# Bonus limit in roadside Uinta lakes?



## Clarq (Jul 21, 2011)

On my Uinta lake trip today, I noticed several signs at Moosehorn, Mirror, and Trial lakes that said something like: Attention Anglers. Limit four trout. Consult Utah 2011 fishing guidebook for special rules and regulations. 

However, I had noticed in the guidebook that a bonus limit of four brook trout was allowed in the Uinta mountain lakes and streams. Mirror lake and others in the vicinity are well within the boundary allowing for this bonus limit, yet the signs told of a four-trout limit. 

I can't find anything in the guidebook about these roadside lakes being exempt from the bonus limit, but the signs clearly said four trout. 

So... could someone get ticketed for keeping extra brook trout from Mirror lake? Are these lakes exempt? Or is the DWR just putting those signs up to keep things more simple?

Any info? Thanks


----------



## brookieguy1 (Oct 14, 2008)

You can keep a total of 8 trout in the Uintas if at least 4 of those are brook trout. In most Uinta lakes and streams, it actually helps the fishery to keep a limit of brookies to help reduce the "stunting". However, when I happen upon a Uinta lake that is producing 17-18" healthy brook trout, I am quite protective and practice selective harvest.
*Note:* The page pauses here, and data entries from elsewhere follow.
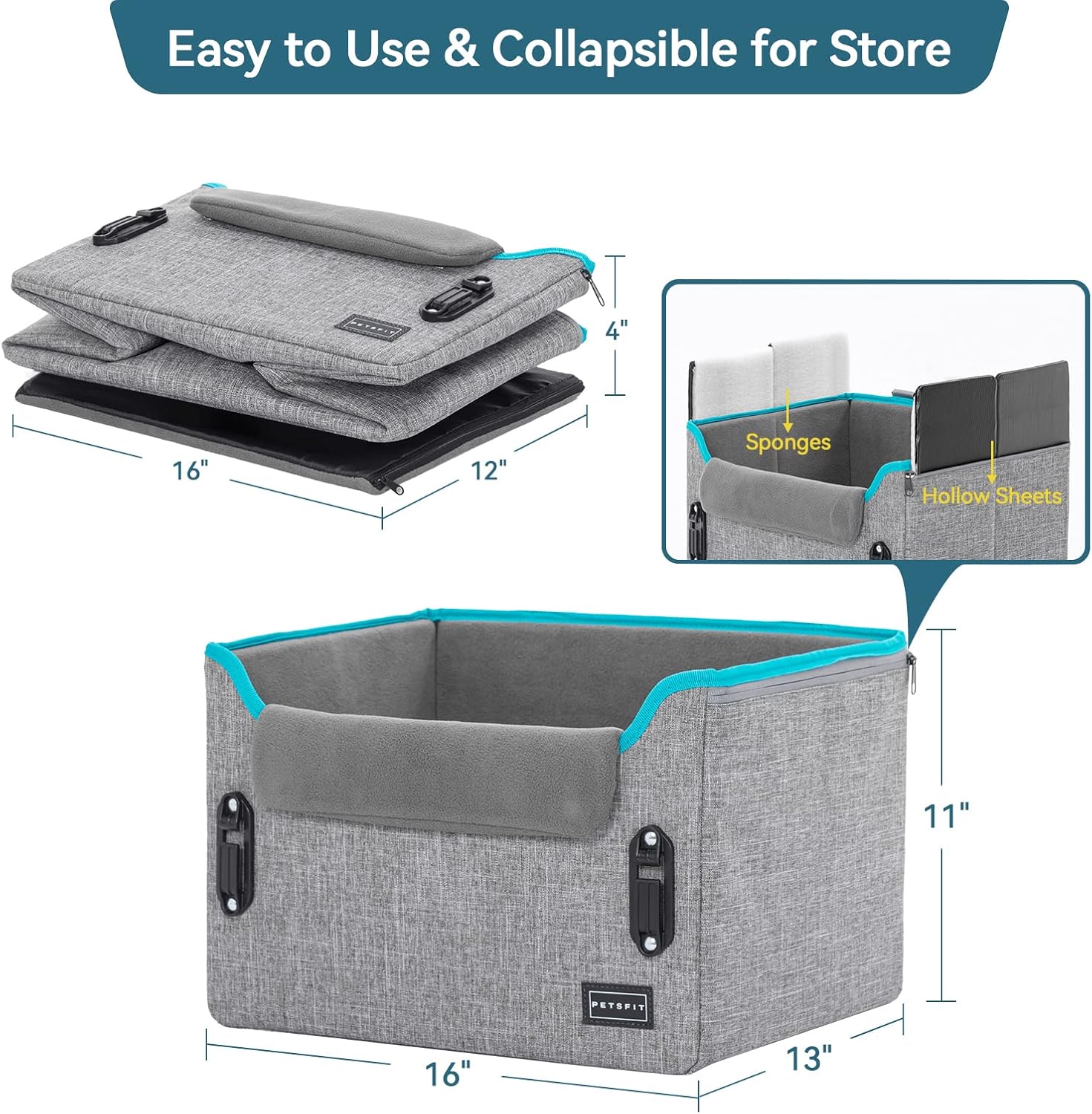 Versátil y ajustable para una mejor visión: no es solo un asiento de automóvil para perros; nuestro producto ofrece múltiples usos, incluyendo dos modos elevados para ajustar la altura en 3.15 pulgadas, lo que garantiza que tu mascota disfrute de una mejor vista del entorno. Este versátil asiento de seguridad de auto para perros también puede transformarse en una acogedora cama para paseos en automóvil o, incluso, para uso en la oficina, por lo que es un accesorio indispensable para los dueños de mascotas.
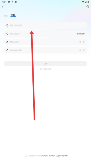 3、在注册界面中,首先点击请输入手机号码输入框,填写本人常用手机号码,作为注册账号的基础信息。
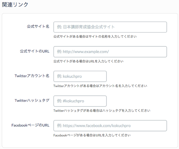 | FacebookページのURL | Facebookページがある場合はURLを入力してください |
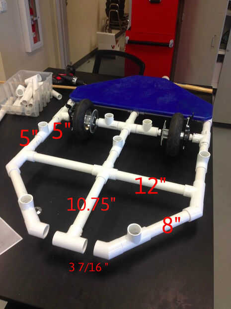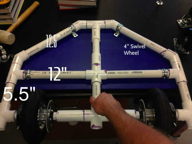 Varios diseños fueron dibujados y construidos para llegar a la versión final del proyecto y estoy seguro que podría mejorarse. Las primeras versiones fueron construidas con muchos conectores que el carro se convirtió en demasiado voluminosos y pesados (fotos de estos prototipos anteriores se incluyen al final del proyecto). La versión definitiva permite ser conducido en el aula y en nuestro ascensor sin dejar de ser capaces de llevar una carga razonable. Pesar de 1" PVC fue utilizado en todas partes para proporcionar fuerza y estabilidad 3/4" puede haber sido suficiente. La mayoría de cortes se realizaron utilizando una sierra de mano barata y disponible en el puerto de carga.
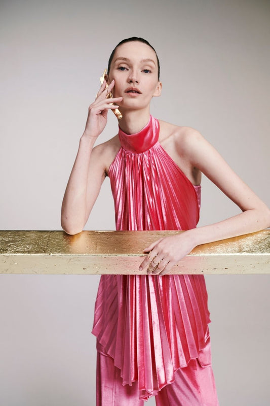 BLUSA FRENTE ÚNICA VELUDO PLISSADO ROSA
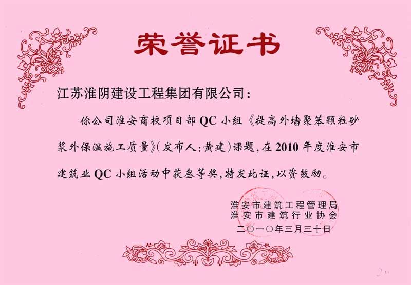 2010年市QC(三等獎(jiǎng))提高外墻聚苯顆粒砂漿外保溫施工質(zhì)量(淮安商校項(xiàng)目部-黃建)
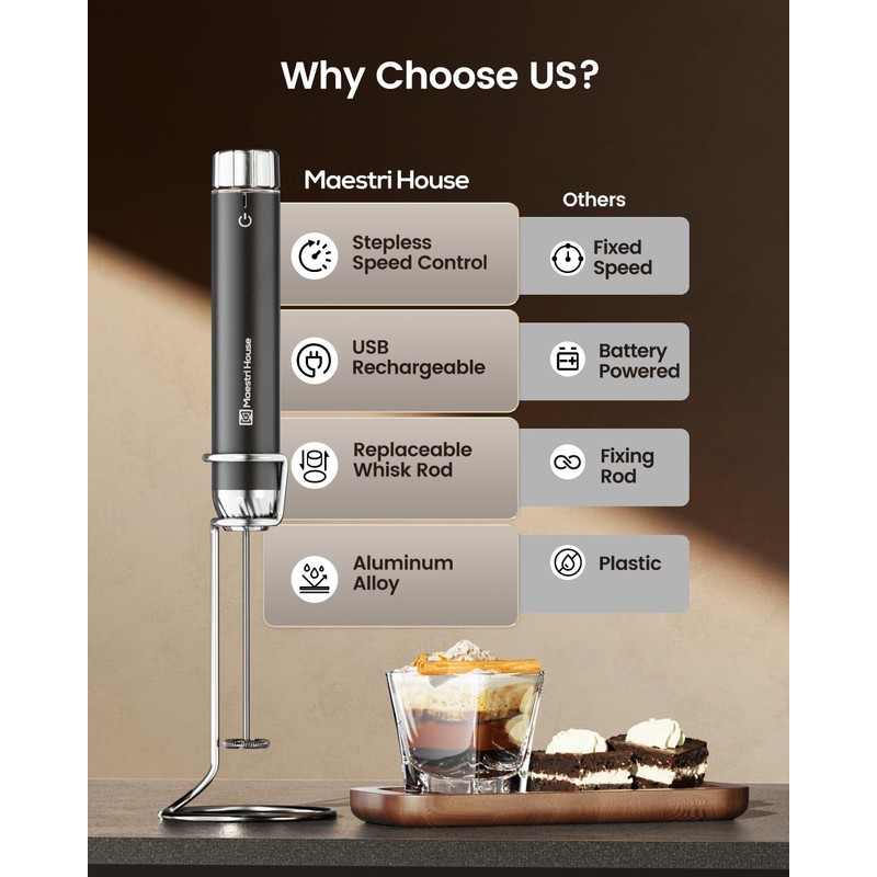 Maestri House Rechargeable Milk Frother with Stepless Speed Control, LunaFro Max Handheld Electric Foam Maker Waterproof Drink Mixer Foamer with Stand & Detachable Whisks for Lattes, Cappuccino

Kind of my own personal "lake management system".


----------



## trout bum (Oct 5, 2010)

I agree with your "lake managment system".


----------



## Clarq (Jul 21, 2011)

I suppose another way to ask my question is:

If there is an official sign stating a fishing regulation but it has different information than what is found in the Utah fishing guidebook, which one should be followed?


----------



## Grandpa D (Sep 7, 2007)

Clarq said:


> I suppose another way to ask my question is:
> 
> If there is an official sign stating a fishing regulation but it has different information than what is found in the Utah fishing guidebook, which one should be followed?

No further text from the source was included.